From Solid to Liquid Piezoelectric Materials
Abstract
The history and evolution of the piezoelectricity isreviewed starting from the discovery of pressure (“piezo” in Greek) electricity by the Curie Brothers in a ferroelectric crystal, up today when liquid piezoelectricity was observed in polar anisotropic fluids, the ferroelectric nematic liquid crystal (NF) materials. As effects analogous to the piezoelectricity have been observed in various crystals, polymers and biomaterials with lack of inversion symmetry, so the definition of the piezoelectricity has been evolved to describe a linear coupling between mechanical stress and electric polarization. A mechanical stress induced electric polarization is called direct piezoelectricity, and an electric field induced mechanical stress is called converse piezoelectricity.
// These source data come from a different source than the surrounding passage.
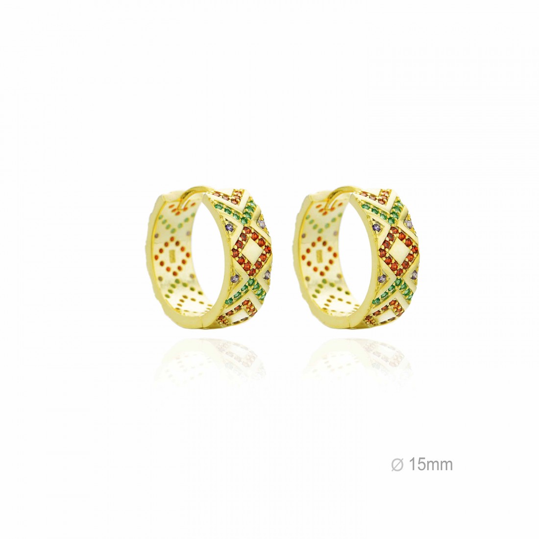 Pendientes Aro Dorado Ancho Circ. Multicolor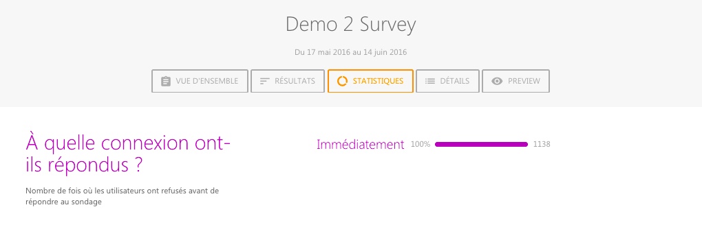 L’onglet ‘Statistiques’ permet de savoir le nombre et pourcentage d’utilisateurs qui ont répondu au sondage à la première, deuxième ou troisième connexion.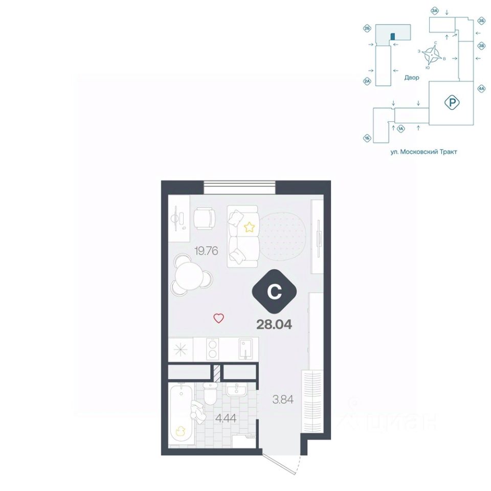 Уютная студия с просторной ванной и прихожей, в которой предусмотрена ниша для хранения. В кухне-гостиной органично зонировано пространство на нишу для приготовления, обеденную зону и место для отдыха. Подойдет для студентов и свободных молодых людей.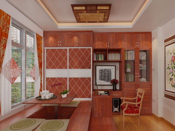 書房的設計可以很好的提升了一個家裝潢的品味,不僅僅是裝潢榻榻米,還有更多的選擇,讓你感受更多的設計,總有適合你,你喜歡的那一款!將書房更加美觀的裝潢起來,一種合適自然的搭配充斥著整個房間,陽光的余暉落在窗臺,感受生命帶來的感動中式風格帶來的浪漫與典雅,將整個書房設計為榻榻米的風格,坐墊與工整的茶幾相互對應,營造出更加的大氣沉穩的感覺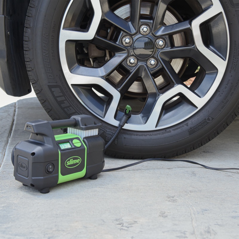 Slime’s Digital Pro Power Tire Inflator also includes a direct drive motor, athermal break feature to prevent overheating, a bright LED light for nighttime emergencies and an easy-to-read backlit digital display. Stores easily in the included canvas carrying bag and inflates a standard car tire in just 3 minutes!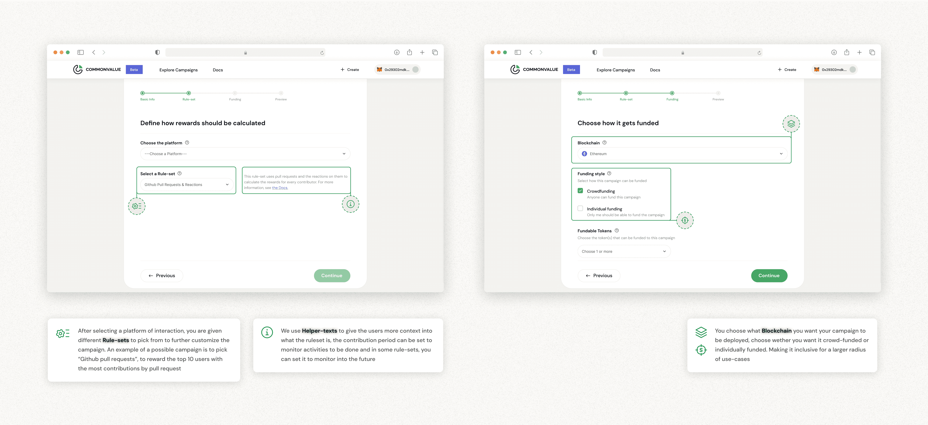 CommonValue enables communities to generate flexible reward mechanisms. based on both on-chain and off-chain data. Anyone can open a Campaign and choose a Strategy, for which the reward distribution will be based.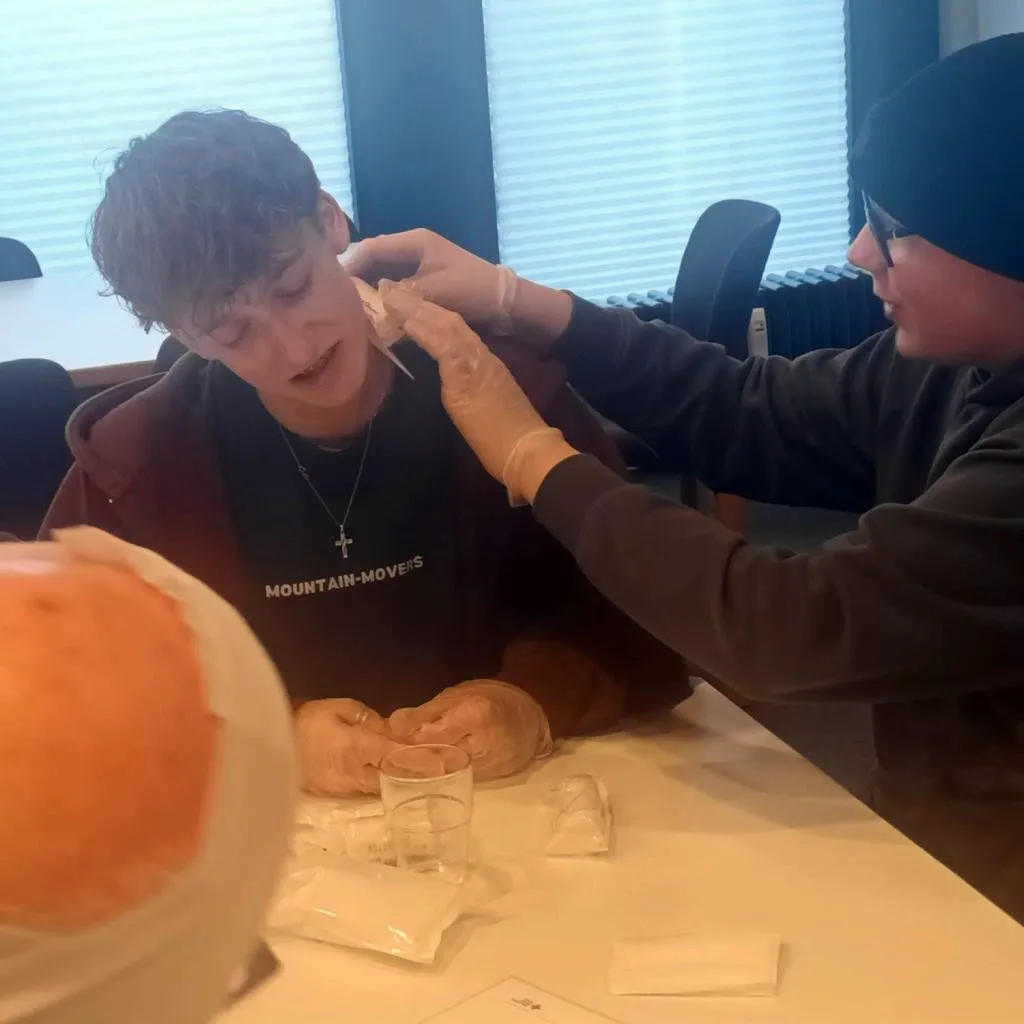 Damian Schubert machte aber auch klar, dass bei allen Laienhilfen an einem Unfallort immer der Eigenschutz vorgehe. Von der stabilen Seitenlage, über die Mund-zu-Mund-Beatmung und Herzdruckmassage am Dummy „Herr Müller“, Anlegen von Verbänden, Absicherung von Unfallstellen bis zum Absetzen von Notrufen gab es an diesem Tag ein breites Spektrum der Wissensvermittlung.

Soon after the discovery of ferroelectricity in chiral liquid crystals with two- and one-dimensional fluid order, owing to the lack of their inversion symmetry, linear electromechanical effects analogous to the direct and converse piezoelectricity have also been observed in those materials. While thesematerials in certain directions can sustain static stress, the NF phase is truly three-dimensional fluid, and a steady stress can only be sustained by surface tension. The review is concluded by a summary and analysis of direct and converse piezoelectric measurements on several NF materials, and by recapping the challenges and possible future applications of liquid piezoelectricity.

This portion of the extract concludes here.